Quebec Premier Rene Levesque, right, shrugs his shoulders and walks away from Prime Minister Pierre Trudeau after a chat during the Constitution Conference on Sept 9, 1980.DREW GRAGG/The Canadian Press

He haunts us still.

That now famous line from a 1990 biography of Pierre Trudeau was meant as a compliment by its authors Stephen Clarkson and Christina McCall. Their bestselling portrait of our 15th prime minister went to great lengths – more than 500 pages in all – to depict his “magnificent obsession” with combatting Quebec separatism as nothing short of heroic.

That interpretation of Mr. Trudeau’s handling of the separatist threat has never held water in Quebec itself, of course. Most Quebeckers would probably agree that Mr. Trudeau was a giant of Canadian politics who haunts them still. Just not in a good way.

The full truth about Mr. Trudeau’s secret efforts to thwart a legitimate democratic movement in Quebec during the late 1960s and early 1970s is still emerging and huge gaps remain in the public’s understanding of the scope of his government’s anti-separatist operations. But the truth is nevertheless emerging, if only gradually.

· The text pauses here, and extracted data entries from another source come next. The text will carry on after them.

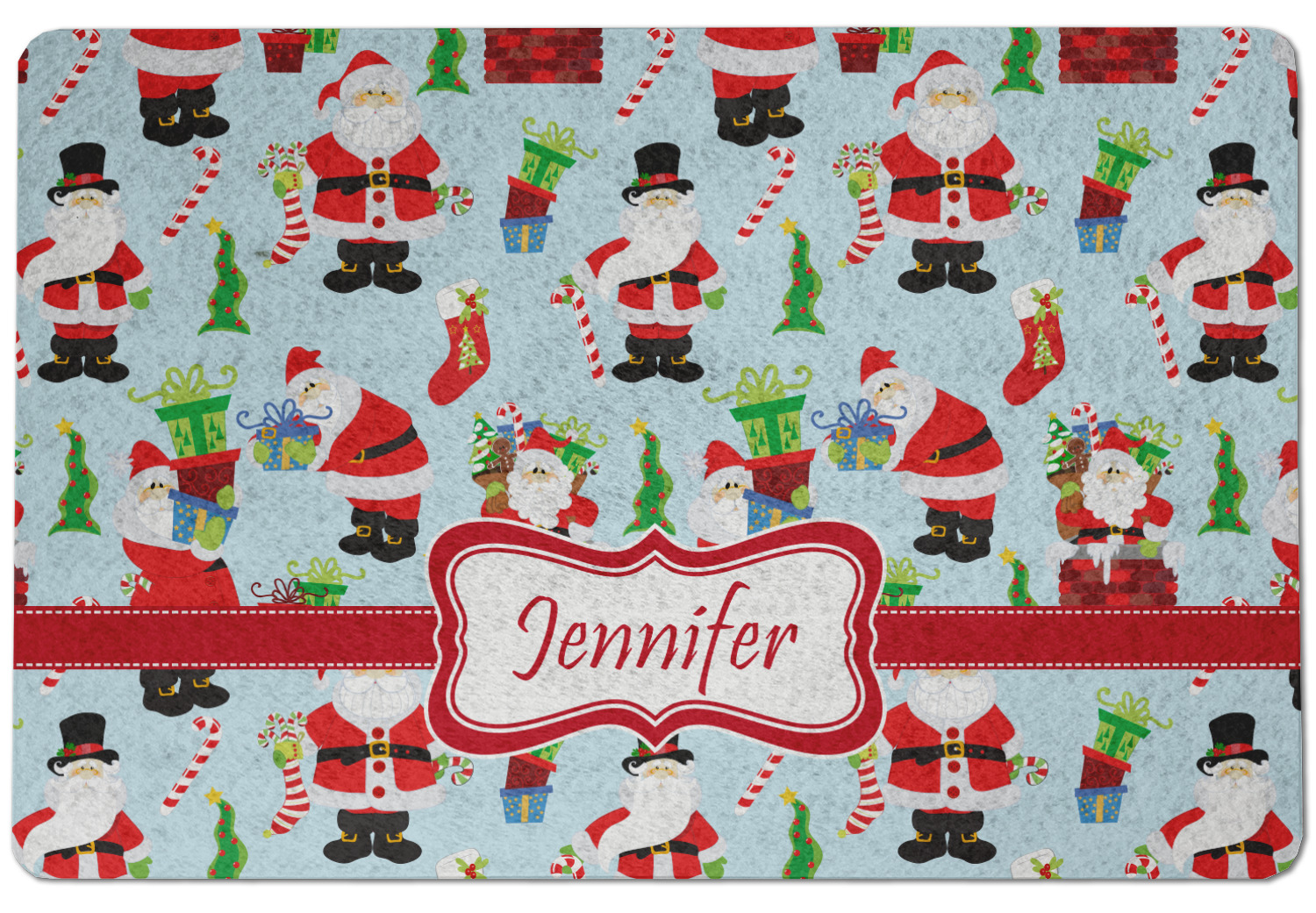 Believe in Santa Claus? Whether you do or not, this design is absolutely adorable with the background that has a cheerful Santa Claus all decked in his red and white, climbing down a chimney to leave presents upon presents and endless candy canes under your Christmas tree. The ribbon and label are red, and the label is the perfect place to put your name or text for personalization.
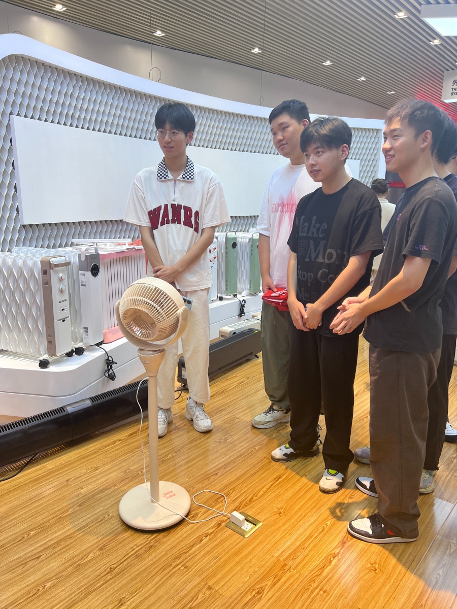 這是今年新品離線智能語音循環扇,在聽完循環扇和普通風扇的區別后,同學們也親自體驗,與“小先小先”進行了親密交互。
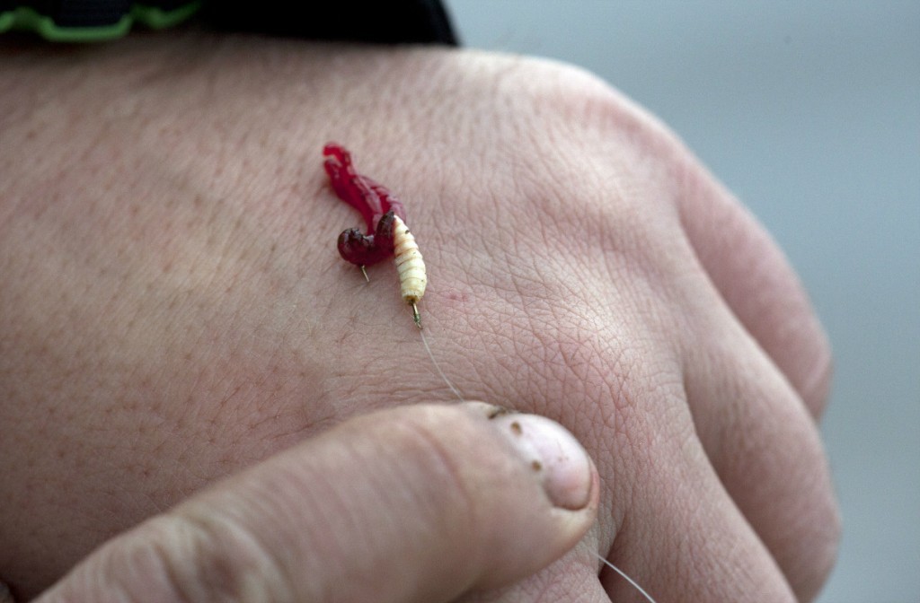 Как говорилось ранее, рыбу больше всего привлекает живая и активная наживка. Поэтому насаживать личинки следует аккуратно.

In 1992, The Globe and Mail obtained the minutes of a 1969 cabinet meeting at which “the use of the military and clandestine means against Quebec separatists [was] discussed” even before the 1970 October Crisis and Mr. Trudeau’s invocation of the War Measures Act to quash the Front de libération du Québec terrorist threat.

During the early 1970s, a unit within the RCMP’s Security Service called G Branch conducted an illicit no-holds-barred operation against the separatist movement that involved such tactics as breaking into homes and offices to gain information about Parti Québécois members. G Branch agents intimidated PQ sympathizers. The unit was also behind the 1972 burning of a barn that belonged to the mother of an FLQ member.

Whether the federal government of the day knew about, or even authorized, the operations of the RCMP’s “dirty tricks squad” has long been shrouded in mystery. But a recent journal article based on previously classified documents sheds new light on the question.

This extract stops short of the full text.